The Vineyard Conservation Society is a community effort.
This was a central theme at the society’s 51st annual meeting held last week, which included a photo exhibit, a change in board leadership and the announcement of a $2 million capital campaign.
Outgoing president Richard Toole said a community effort for environmental protection is even more necessary on the Vineyard than other places. “The economic pressures are daunting, making it hard to protect the natural environment,” he said. “The other big challenge is acknowledging and planning for climate change and sea level rise. That is kind of important on an Island.”
He said proof of climate change is all around. Chilmark is making plans to protect its beach, caterpillars are defoliating trees around the Island, Oak Bluffs is working to strengthen its seawall against the rising water level, and anyone who gardens notices that each season brings either too much rain or too little.
“There are no easy solutions to the many issues facing our future. However, VCS is one of the few organizations that has the experience, the knowledge, and the passion to anticipate and plan,” Mr. Toole said.
The meeting was held at the West Tisbury Library, just a stone’s throw away from Howes House, the site of the first VCS annual meeting, when Richard Pough founded it in 1965. The nonprofit was originally formed to fight against the sudden onslaught of development in the 1960s, but has since grown into a legal protector, educational tool and hub for environmental activism on the Island.
Just this past year, VCS had two major victories: winning a key legal battle in the long-running effort to protect Moshup Trail in Aquinnah and seeing five towns approve a bylaw that bans single use plastic bags in stores. The proposal for the bylaw was written with the help of VCS’s Samantha Look, board members, and even regional high school students last year. Oak Bluffs is the only Island town that has not yet passed the bylaw.
The Moshup Trail project has been ongoing for some 20 years.
“The expanded development would have had consequences for Aquinnah in terms of expanded development of that town. I am so pleased with this year and its milestone successes, and I am grateful to all of you who really fuel our efforts,” longtime executive director Brendan O’Neill said.
Mr. Toole’s son Taylor showed a video that he produced that captured VCS’s mission, history and spirit, and featured shots of the Vineyard from a drone.
VCS welcomed former vice president James Athearn as the new president, Joan Malkin as vice president, and Bruce Golden as treasurer. The society also announced a $2 million capital initiative aimed at “increasing the bandwidth” of VCS by adding more staff. The expansion “will free us to advocate on a broader range of issues,” a press release issued in advance of the meeting said in part. Roughly half the goal is already in hand.
Meanwhile, at every VCS meeting, the board invites an artist to exhibit his or her work that captures the Island’s environment. This year, Neal Rantoul presented aerial photographs of the Vineyard. “I came to appreciate how art becomes quite a powerful way to communicate the importance of Vineyard conservation,” he said. “Concerns natural habitat but can spark creative efforts.”
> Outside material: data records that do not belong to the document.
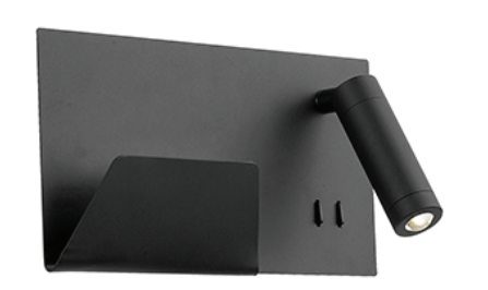
BK - Black
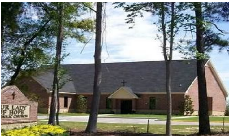
Our Lady of hope Catholic Church 2529 Raccoon Road, Manning, SC 29102

No matter what your present status in the Catholic Church. No matter what your current family or marital situation. No matter what your past or present religious affiliation. No matter what your personal history, age, background, race, or color. No matter what your self image or esteem, You are invited, welcomed, accepted and respected at St. Mary- Our Lady of Hope.
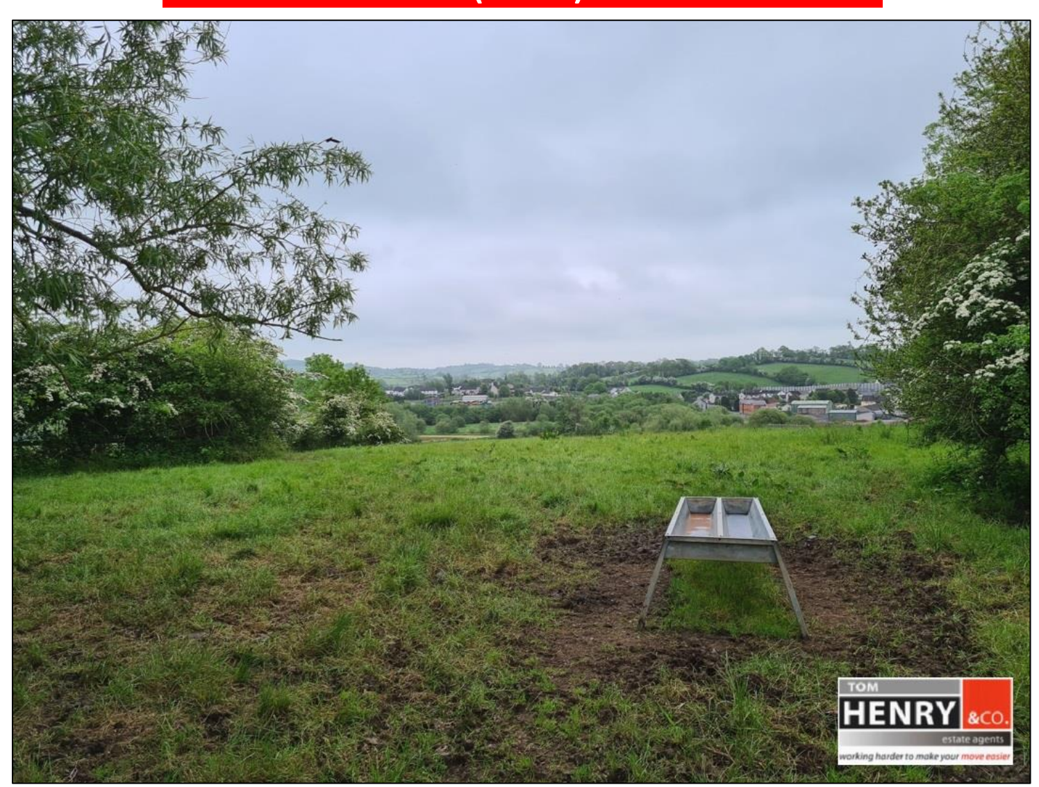
APPROX. 3.1 ACRES WITHIN THE SETTLEMENT LIMIT – CENTRAL & POPULAR LOCATION
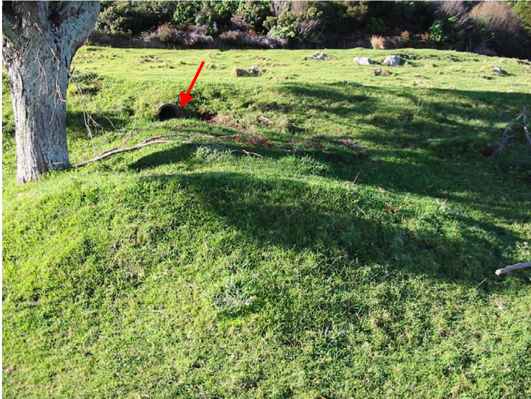
Figure 29. Storm water pipe directing mobilized archaeological deposits onto archaeological features.
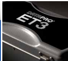
Thermal barrier DATAPAQ TB0263*
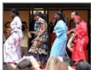
Showing off their...
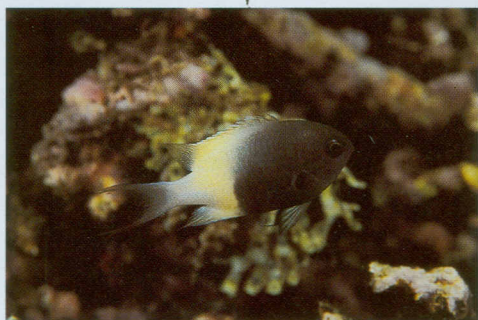
Fig. 4. The pomacentrid fish Chromis dimidiata , Mentawai Islands.
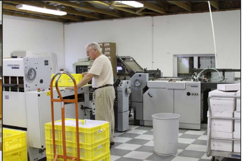
Once the African Chronicles come off the press, they then go to folding for envelopes and packaging in boxes to be shipped to distribution centers worldwide.
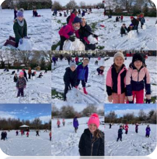
Thursday 16th March 2023
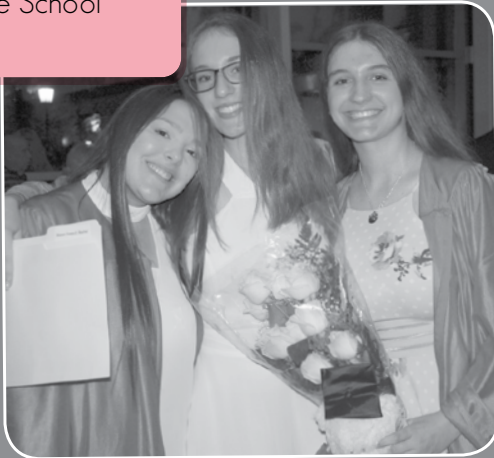
H.B. Thompson Middle School

Neal Rantoul’s shots included landlocked, oceanic and shoreline scenes, showing both untouched beauty and the consequences of the human footprint. In one series of photographs, he captured Moshup Trail from both from the ground and from the air. The trail spiraled through the trees in Aquinnah to a winding set of old stairs that went down the cliffs to the water. It was a scene that VCS had recently helped save.